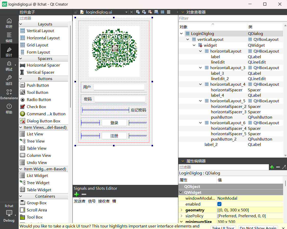 2)在属性编辑器里修改minimumSize的宽度为300,高度为500,maximumSize同理
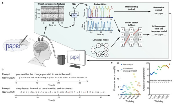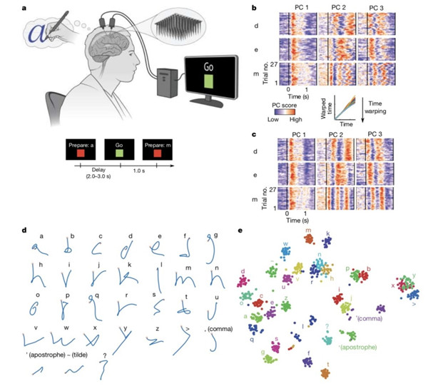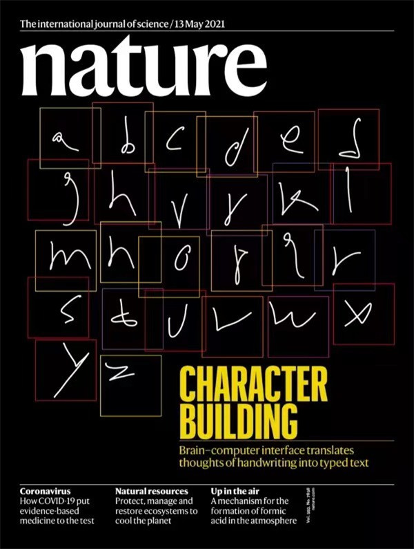 北京時間5月12日晚間,頂級學(xué)術(shù)期刊《自然》(Nature)以封面文章的形式刊發(fā)了由斯坦福大學(xué)、布朗大學(xué)、哈佛醫(yī)學(xué)院等團(tuán)隊的研究人員聯(lián)合完成的一項里程碑式研究,題為“High-performance brain-to-text communication via handwriting”。該研究回歸到古老的表達(dá)自方式——手寫,首次解碼了與書寫有關(guān)的神經(jīng)信號,并實時顯示它們。
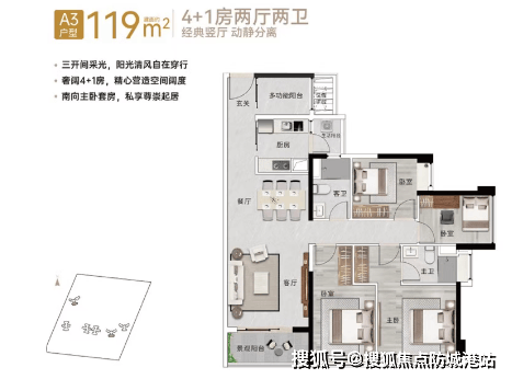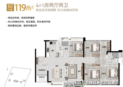 119㎡四房+1厅2卫:单边位布局,南向开间宽大,南北通透。
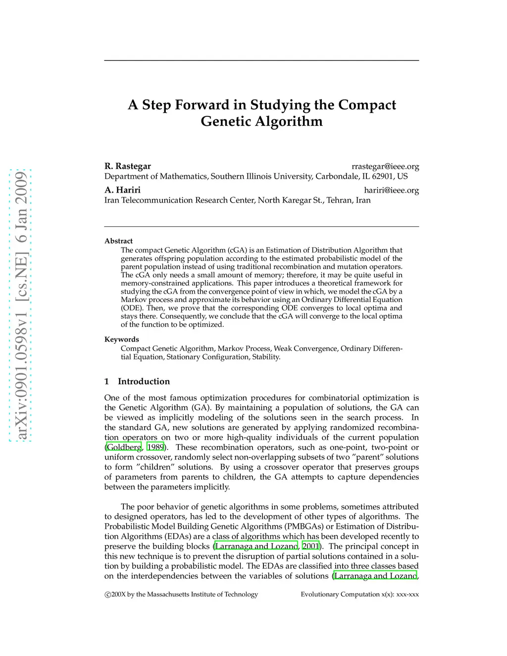 A Step Forward in Studying the Compact Genetic Algorithm
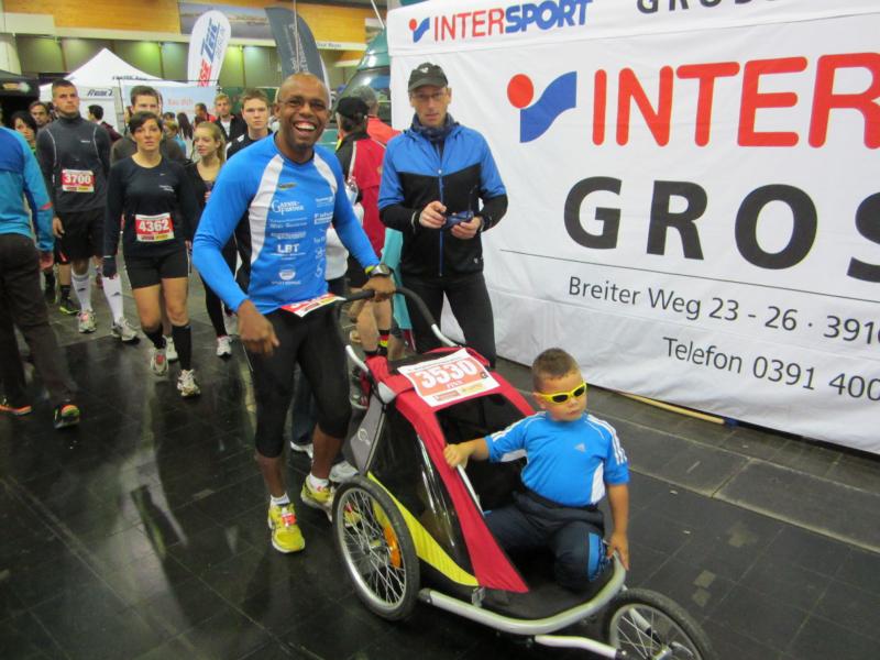 Beim 9. Magdeburg-Marathon starteten Annett und Matthias Lampe zusammen mit Sohn Finn im Beiwagen über die 13-Kilometer-Strecke. Für den Sprößling war es bereits die fünfte Teilnahme. Hatte er bei den ersten Läufen wenig mitbekommen, feuerte er diesmal seine Mutter an. "Mein Mann hat den Wagen geschoben und das Tempo vorgelegt. Wir wollten unter einer Stunde bleiben, es war anstrengend", so Annett Lampe.
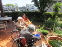 テラスに出て気分転換を図っております。
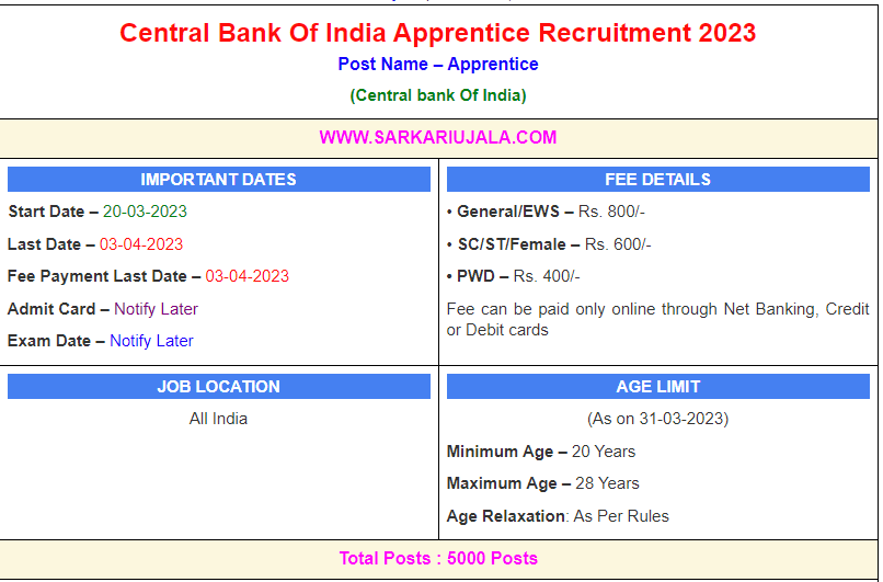 Post Description – CBI Central bank Of India is inviting online applications for Apprentice for 5000 posts. Interested people meet all the eligibility criteria, apply online Details Of Recruitment Of Central Bank Of India Apprentice Online Form 2023Posts Name – Apprentice Number Of Posts – 5000 Posts Category Wise Posts – General – 2159 Posts OBC – 1162 Posts SC – 763 Posts ST – 416 Posts EWS – 500 Posts Stipend – Rs.10000-15000/- Education Qualification – Bachelor Degree in in any discipline from a recognized University. How to Apply Online Central Bank Of India Apprentice Online Form 2023 – Candidates can apply through link provided below or they can also apply through official site of the Central Bank Of India before 03-April-2023. Required Documents For Online Application – Educational Mark sheet And Certificates Aadhar Card / Pan Card Passport Size Photo Signature Selection Mode – CBT Examination Merit List
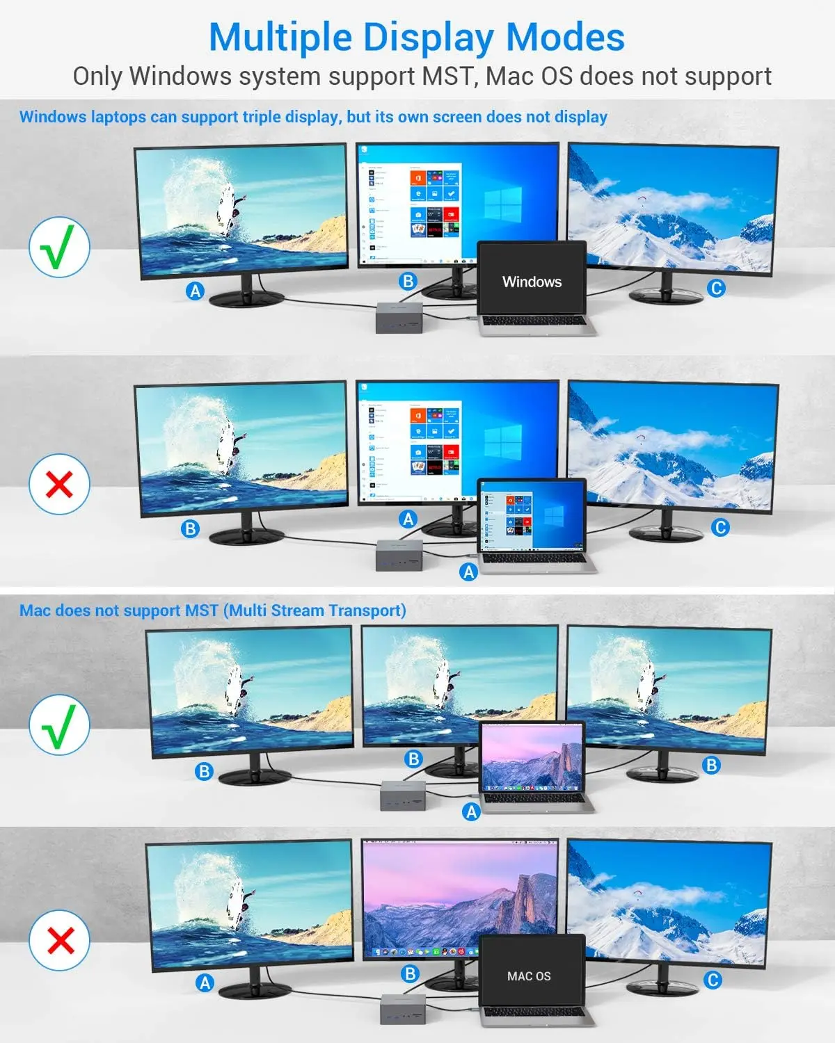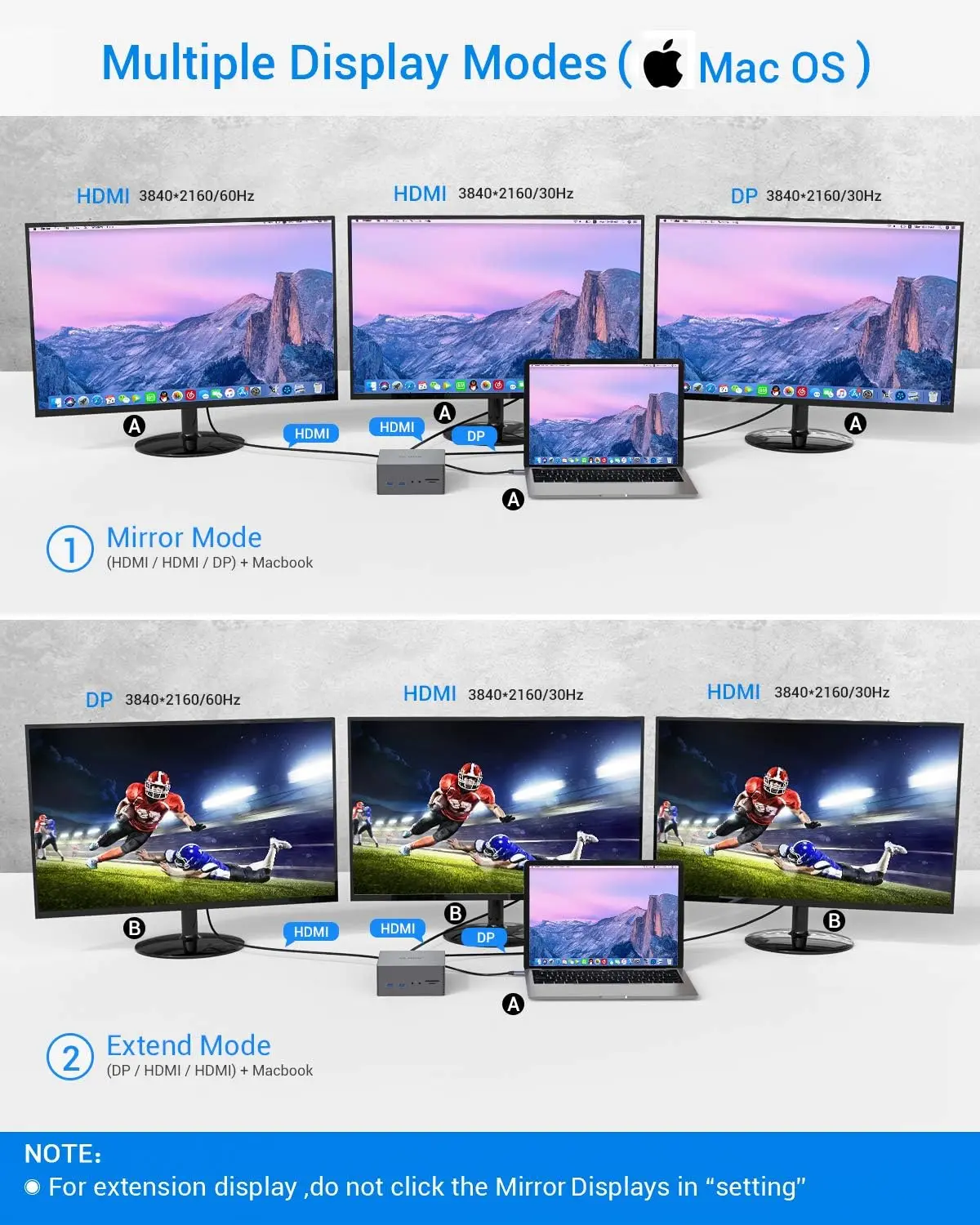 ·Triple Display Flexibility - Break through the limitations of a notebook PC by extending up to three external monitors simultaneously through dual HDMI, DP. Support single (HDMI/DP) monitor (HDMI+DP) up to 4K@30Hz, or triple monitor up to 1080P@60Hz. Note: Mac OS laptops will ONLY extend to ONE monitor. The others will be mirrored.

▶ [Required action]:
Within the material above, only the stretch from the line holding "brain-to-text communication via" through the line holding "A Step Forward" is to be restated exactly. Pictures are dropped.

▶ [Written response]:
 北京時間5月12日晚間,頂級學(xué)術(shù)期刊《自然》(Nature)以封面文章的形式刊發(fā)了由斯坦福大學(xué)、布朗大學(xué)、哈佛醫(yī)學(xué)院等團(tuán)隊的研究人員聯(lián)合完成的一項里程碑式研究,題為“High-performance brain-to-text communication via handwriting”。該研究回歸到古老的表達(dá)自方式——手寫,首次解碼了與書寫有關(guān)的神經(jīng)信號,并實時顯示它們。
 119㎡四房+1厅2卫:单边位布局,南向开间宽大,南北通透。
 A Step Forward in Studying the Compact Genetic Algorithm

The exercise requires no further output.